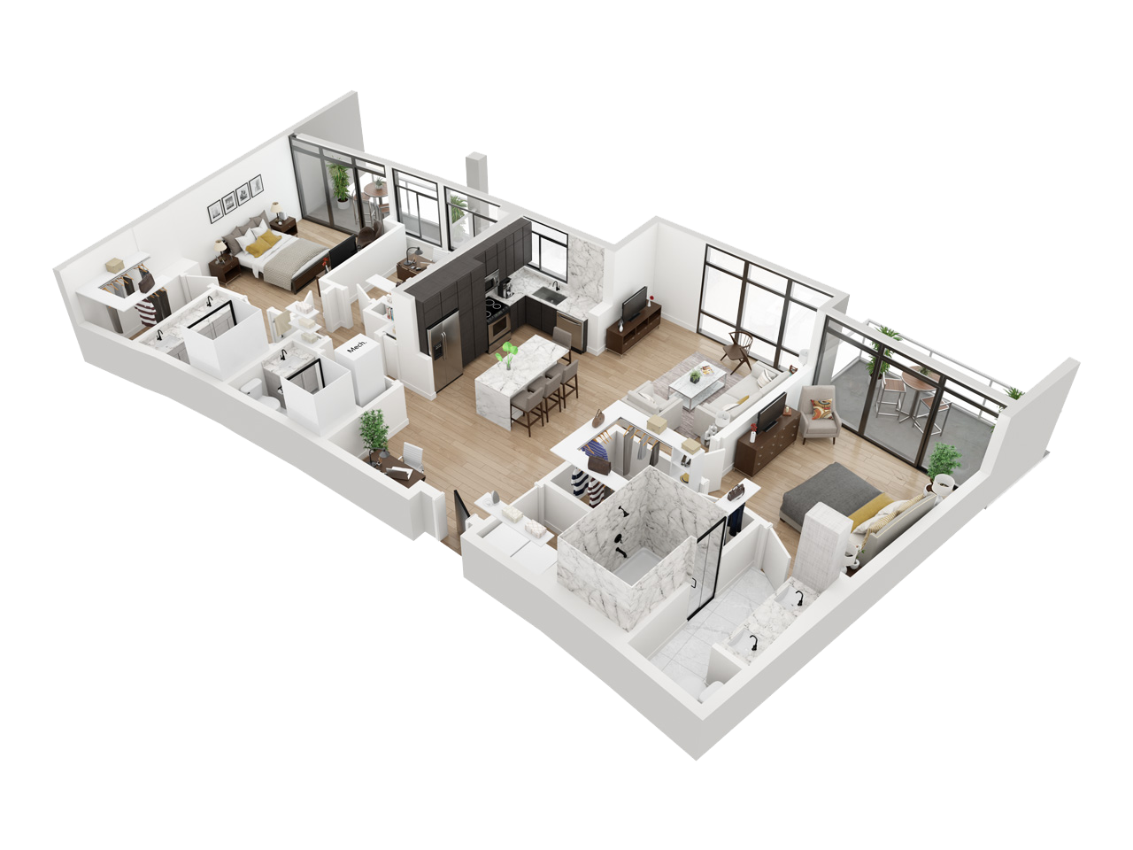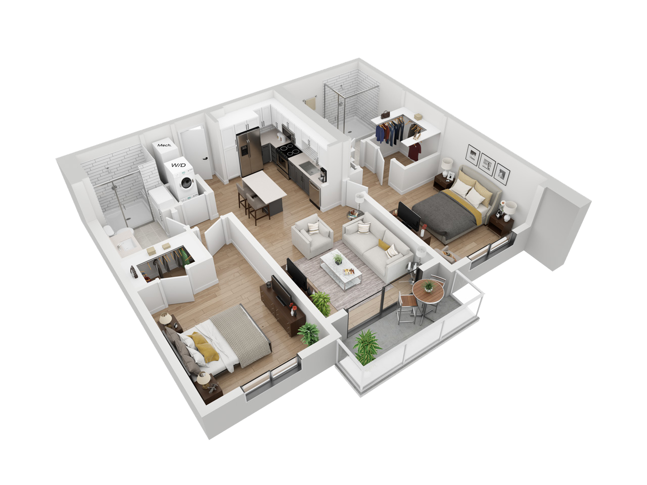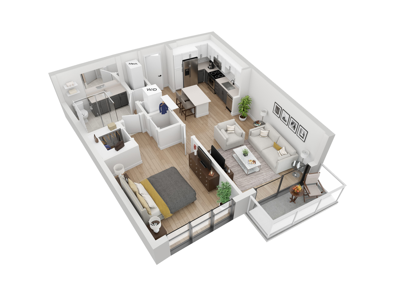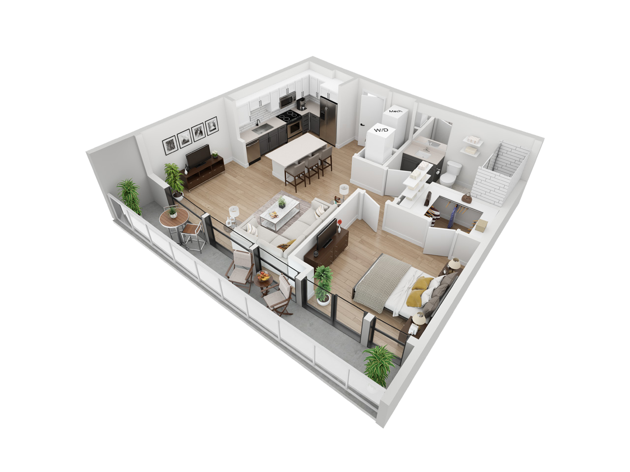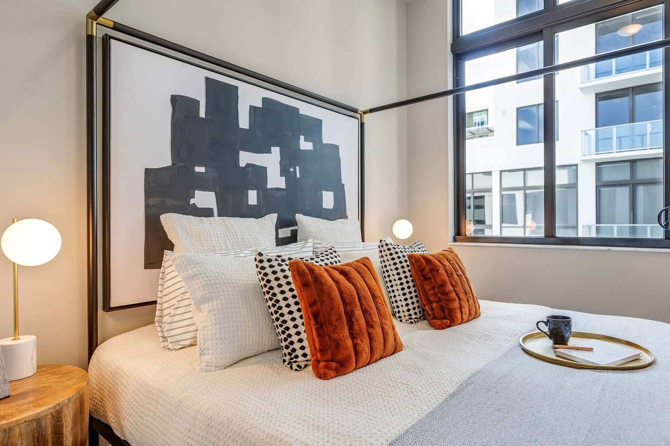 Inside, chef-inspired kitchens gleam with Caesar-stone quartz countertops, expansive islands, oversized sinks, and stainless steel GE appliances. Luxury extends into the bathroom, where you’ll find shaker-style vanities and glass enclosed showers with raindrop showerheads. Each residence is equipped with cutting-edge technology, such as smart thermostats and smart lighting panels, while upgraded penthouses boast marble countertops, back-lit bathroom mirrors, and more.
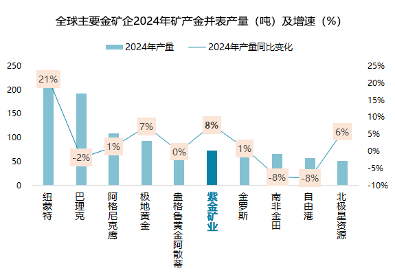 观点认为,近年来,全球地缘冲突延宕升级,矿业市场风云变幻,紫金矿业股价连续6年实现年度正收益,2024年末市值位居全球金属矿业第4位,表明其聚焦矿业主业的长期主义和“逆周期布局,顺周期产出”资源策略,经受住了严峻复杂形势的冲击,凸显出强大的发展韧劲和穿越周期能力。
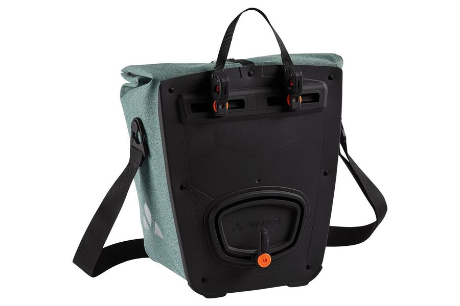 Der Hartschalen-Taschenrücken "Hard Back 2.0" besteht aus stabilem Kunststoff. So ist deine VAUDE-Radtasche extrem stoß- und abriebfest. Die stark beanspruchten Kanten sind mit rutschfesten Standfüßen ausgestattet. Den unteren Führungshaken kannst du frei um 360 Grad drehen. So lässt sich deine Radtasche ganz flexibel an jeden Gepäckträger anpassen. Die maximale Beladung beträgt 12,5 kg pro Tasche.
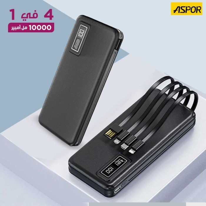 - بطارية احتياطية 10000 مل أمبير 4 في 1 مع كيبلات مدمجة من ASPOR
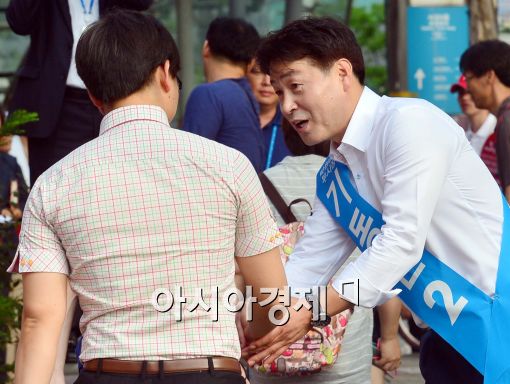 [아시아경제 최우창 기자]7·30 서울 동작을 국회의원 재·보궐선거에 출마한 새정치민주연합 기동민 후보가 17일 서울 동작구 남성역 인근에서 출근길 인사를 하며 지지를 호소하고 있다.최우창 기자 smicer@asiae.co.kr<ⓒ세계를 보는 창 경제를 보는 눈, 아시아경제(www.asiae.co.kr) 무단전재 배포금지>
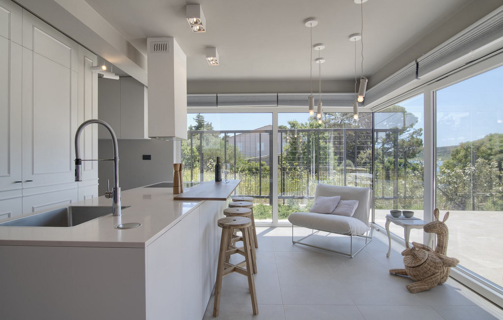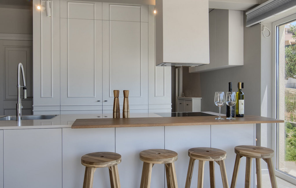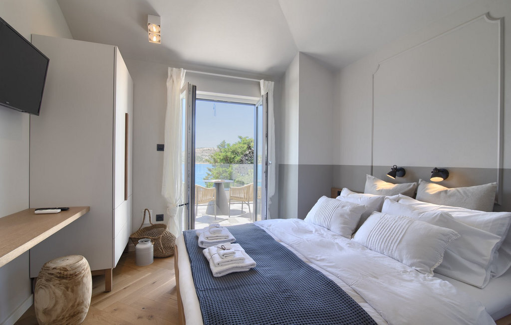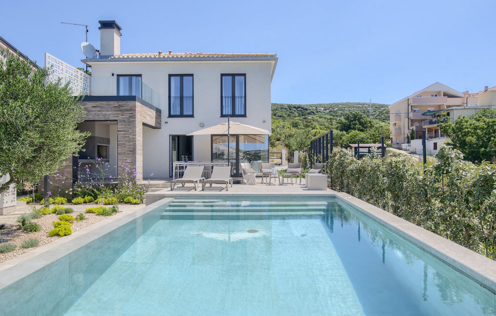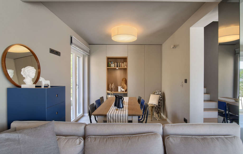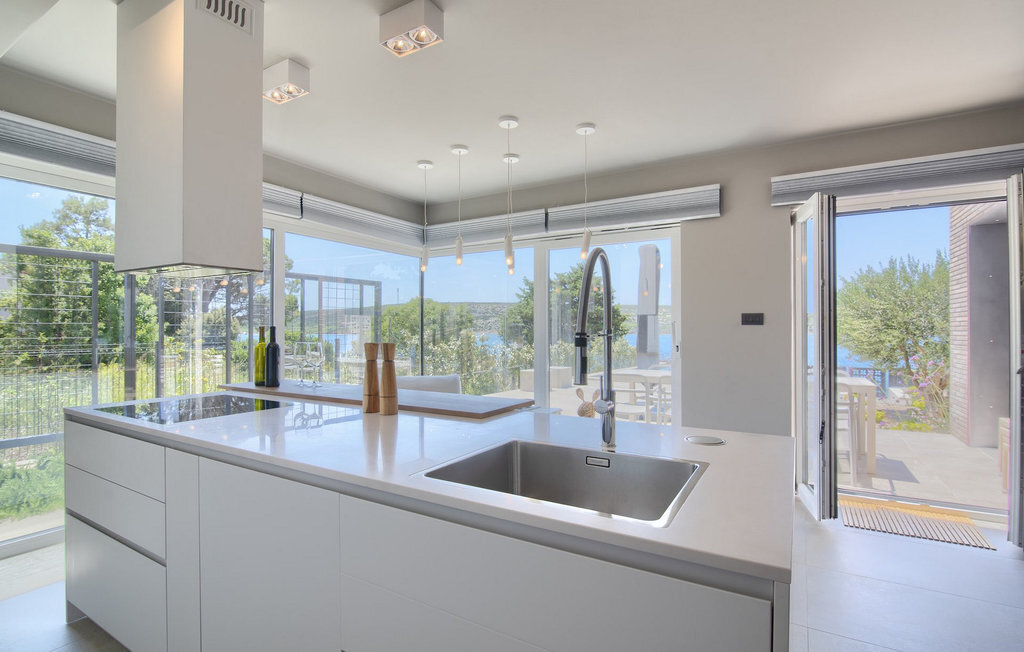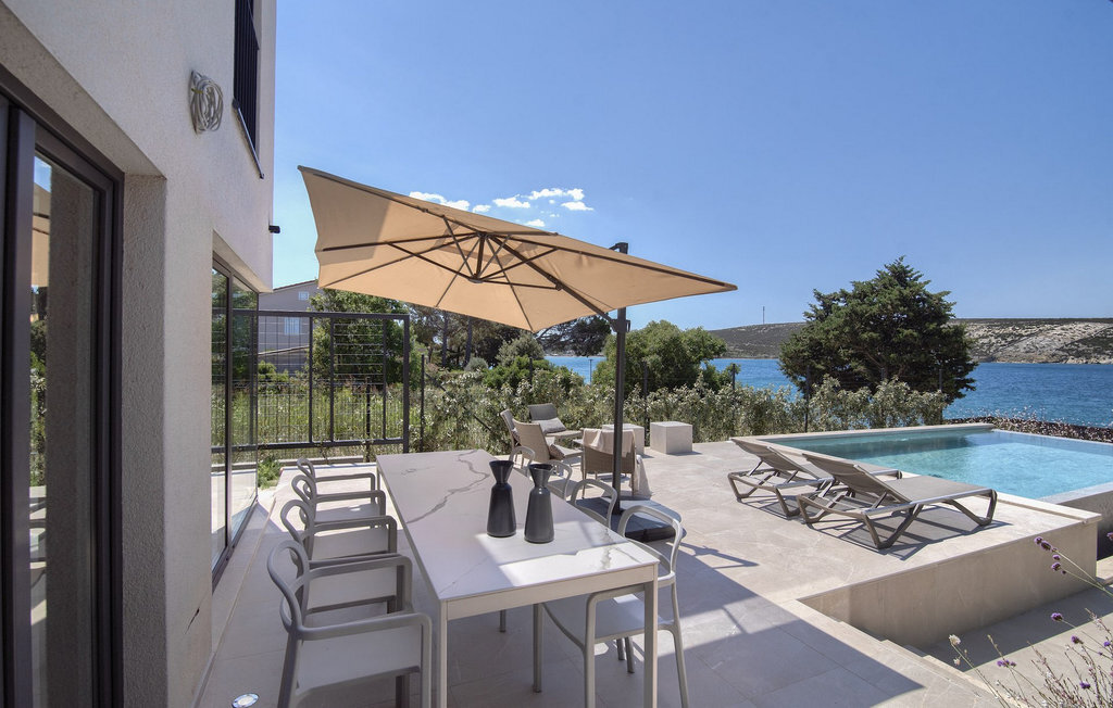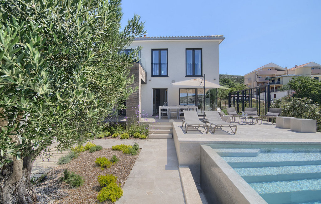 La villa Lunjsko à l'équipement moderne sur l'île de Pag est tout simplement époustouflante ! Cette belle villa se trouve en bordure de l'île, à Stara Novalja. La vue depuis presque toutes les pièces de la villa vous enchantera. Villa Lunjsko est divisée en rez-de-chaussée et premier étage. Le rez-de-chaussée de la villa comprend un salon, une cuisine entièrement équipée, une salle à manger donnant accès à une spacieuse terrasse extérieure avec coin repas, un garde-manger et une salle de bain. Au premier étage se trouvent trois chambres à coucher, dont deux disposent d'une salle de bain privée, une salle de bain supplémentaire et un balcon. L'intérieur de la villa Lunjsko est aménagé avec style et offre un hébergement confortable pour 6 personnes. Il y a également un magnifique jardin avec une vue magnifique. La Villa Lunjsko offre à ses hôtes une place d'amarrage personnelle pour un bateau devant la villa. Rafraîchissez-vous dans la piscine de la villa ou profitez tout simplement de l'accès direct à la mer. Réservez vos vacances de rêve à la Villa Lunjsko sur l'île de Pag.

- [About this task] While leaving pictures out, reproduce exactly the lines from the beginning of the listing above through the line containing "观点认为,近年来,全球地缘冲", both ends included.

- [Task solution]
 Inside, chef-inspired kitchens gleam with Caesar-stone quartz countertops, expansive islands, oversized sinks, and stainless steel GE appliances. Luxury extends into the bathroom, where you’ll find shaker-style vanities and glass enclosed showers with raindrop showerheads. Each residence is equipped with cutting-edge technology, such as smart thermostats and smart lighting panels, while upgraded penthouses boast marble countertops, back-lit bathroom mirrors, and more.
 观点认为,近年来,全球地缘冲突延宕升级,矿业市场风云变幻,紫金矿业股价连续6年实现年度正收益,2024年末市值位居全球金属矿业第4位,表明其聚焦矿业主业的长期主义和“逆周期布局,顺周期产出”资源策略,经受住了严峻复杂形势的冲击,凸显出强大的发展韧劲和穿越周期能力。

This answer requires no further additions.